В августе месяце, когда четвертая дивизия воевала к востоку от Нормандии, писатель разъезжал впереди на своем джипе и именно тогда установил контакт с силами французского Сопротивления. Являясь впоследствии командиром значительной партизанской группировки, он расположил свой штаб в городе Рамбуйе, откуда руководил боевыми операциями и, кроме того, посылал важные для командования донесения.
Крупный и мощный, бородатый и седой, он казался французским партизанам сказочным персонажем. Его стратегический опыт, знание человеческой психологии и умение обращаться с оружием любых видов вызывали к нему большое доверие. Даже его шофер не догадывался, что он был писателем. Один партизан однажды спросил его: «Вот ты такой умный, получил столько ранений в честных боях, а дослужился лишь до капитана. Почему?» Хемингуэй ответил: «Молодой человек, причина сколь проста, столь и деликатна. Дело в том, что я не умею ни читать, ни писать». Да, очень необычно было его положение, и в какой-то момент командованию даже пришлось выбирать: то ли наградить его высшим орденом, то ли предать суду военного трибунала за нарушение соглашения, запрещавшего военным корреспондентам участвовать в боевых действиях.
Многим эта фигура искалеченного в боях воина, в рубцах и шрамах, с мощной растительностью на груди, увешанного оружием и бутылками, возможно, покажется несколько комичной. Говоря по правде, в наше время принято относиться слегка с подозрением к мужской отваге, откровенному проявлению физической силы и мужества.

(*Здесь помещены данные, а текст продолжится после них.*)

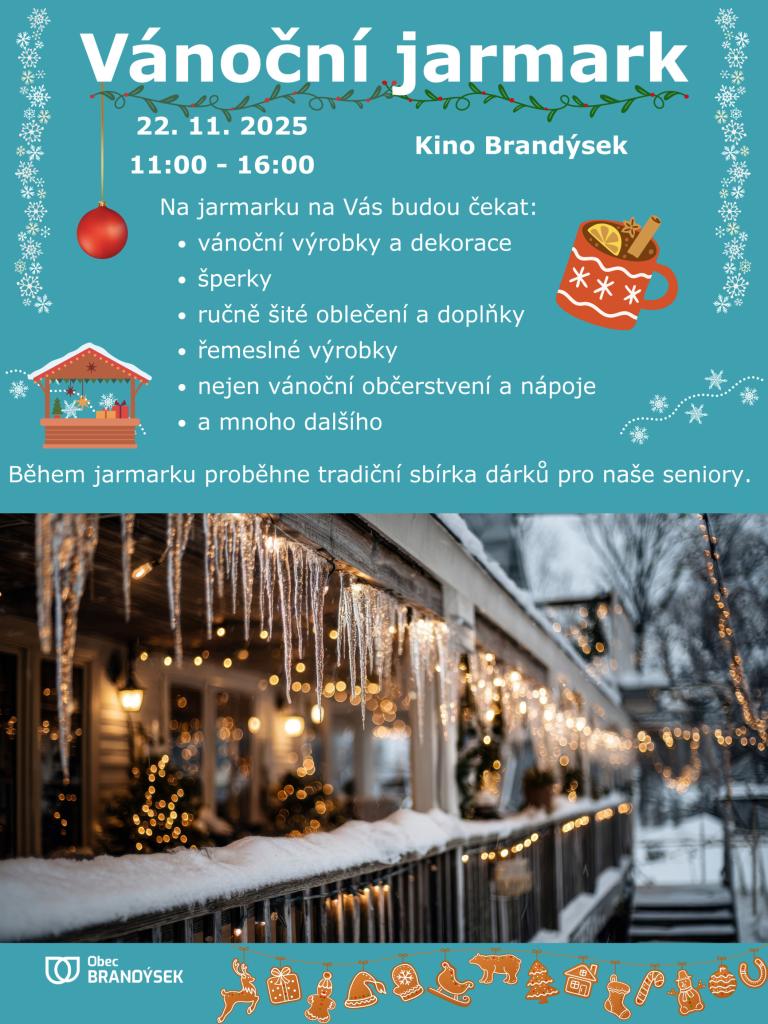 Vánoční jarmark se uskuteční 22. listopadu 2025 od 11:00 do 16:00 v Kině Brandýsek. Na návštěvníky čekají vánoční výrobky, dekorace, šperky a ručně šité oblečení. Kromě toho si budete moci pochutnat na vánočním občerstvení a nápojích. Součástí jarmarku bude i sbírka dárků pro seniory.

Если попытаться оценить истоки его писательства и необычную карьеру, необходимо поставить в центр фигуру мужчины в рубцах и шрамах. Гертруда Стайн еще в парижский период жизни Хемингуэя в начале 20-х годов говорила, что он, видимо, необычайно хрупок, потому что всегда что-нибудь себе ломал. С тех пор он неустанно тренировал свое тело. Нужно также помнить, что во время первой мировой войны он был тяжело ранен в боях на севере Италии, где, будучи совсем еще молодым, служил в отряде Красного Креста, поскольку дома, в США, его не приняли в ряды добровольцев по состоянию здоровья. Тогда, в 1918 году, его едва не убила разорвавшаяся рядом австрийская мина. Раненный, он вынес на себе с поля боя товарища. Долог был путь, и в темноте только свистели пули и осколки. Когда Хемингуэй добрался до ближайшего поста, выяснилось, что товарищ умер. Линкольн Кирстайн, один из биографов Хемингуэя, пишет: «Выше всего другого он ставит способность мгновенно принимать решения и действовать». В другом месте отмечается, что он «верит в простодушную беспечность».

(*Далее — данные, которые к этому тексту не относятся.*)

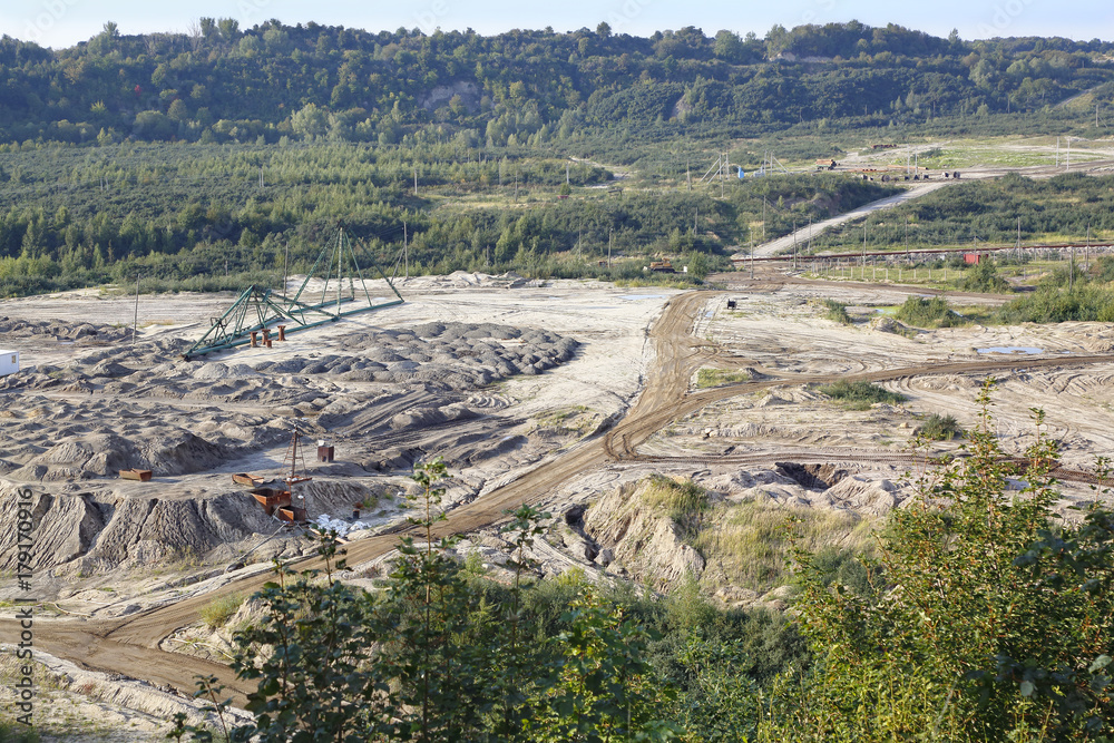 Quarry for amber mining. Amber combine excavation of solar stone from the ground. Earthwork in a career. Baltic amber is a fossil mineral. Excavators in the quarry of the city Yantarny

Еще на одну черту, характеризующую отношения Хемингуэя с французскими партизанами во время последней войны, стоит обратить внимание: он высоко ценил чувство товарищества. Хемингуэй был мудрым советчиком своим товарищам по оружию во всем, шла ли речь о личных проблемах, о любви или о том, как стать писателем. Не отказывает он в совете своим окружающим и сейчас, дома, на Кубе. Гертруда Стайн писала о молодом Хемингуэе, считавшемся тогда учеником Шервуда Андерсона: «Его взгляд более заинтересован, чем интересен».

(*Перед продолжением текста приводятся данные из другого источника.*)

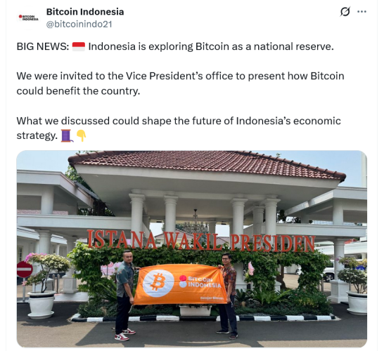 Gần đây, tổ chức Bitcoin Indonesia đã có một buổi làm việc cấp cao với văn phòng Phó Tổng thống Gibran Rakabuming Raka. Nội dung chính của cuộc họp, theo thông tin được công bố, là trình bày về tiềm năng của Bitcoin như một tài sản dự trữ chiến lược.

Сам Хемингуэй так пишет начинающему писателю: «Слушайте! Прежде всего слушайте!» Он говорит, что любит учить других — это школа и для него самого. Чему же он учит? Тому, что он сам называет «the real thing»[44], тому, что скрывается за словами, между строчками. Разумеется, он говорит и о способности видеть — ведь во многом именно благодаря умению видеть он стал знаменит. Но, как отмечает он сам: «Видеть — значит облекать в форму».
Итак, перед нами возникли-таки вопросы чисто литературные. В этом рассказе о Хемингуэе я предполагал отстраниться от них, насколько это вообще возможно. Большинство деталей давно известны, прокомментированы, и я, откровенно говоря, сомневаюсь, что мои домыслы так уж заинтересуют слушателей. Постараюсь, однако, не нарушать равновесия между фактами жизни писателя и его искусства. И в своем анализе не забывать, с одной стороны, того, что он очень молодым столкнулся с войной, насилием, жестокостью. И, с другой стороны — его неимоверного стремления совершенствоваться в писательском ремесле.
Джон Мак-Кэффри издал сборник статей о Хемингуэе «Художник и его творчество», в котором освещаются все стороны жизни и литературного труда писателя. Некоторые факты, приводимые мною, взяты из этих эссе.
В них рассказывается о сыне врача из Оук-Парка, пригорода Чикаго, которого занятия музыкой с матерью увлекали куда меньше, чем посещения вместе с отцом его пациентов-индейцев в районе Вэлун-Лейк на берегу озера Мичиган, где семья обычно проводила лето. Эти мотивы знакомы нам по отдельным новеллам. Уже тогда ему привелось стать свидетелем насилия и кровопролития.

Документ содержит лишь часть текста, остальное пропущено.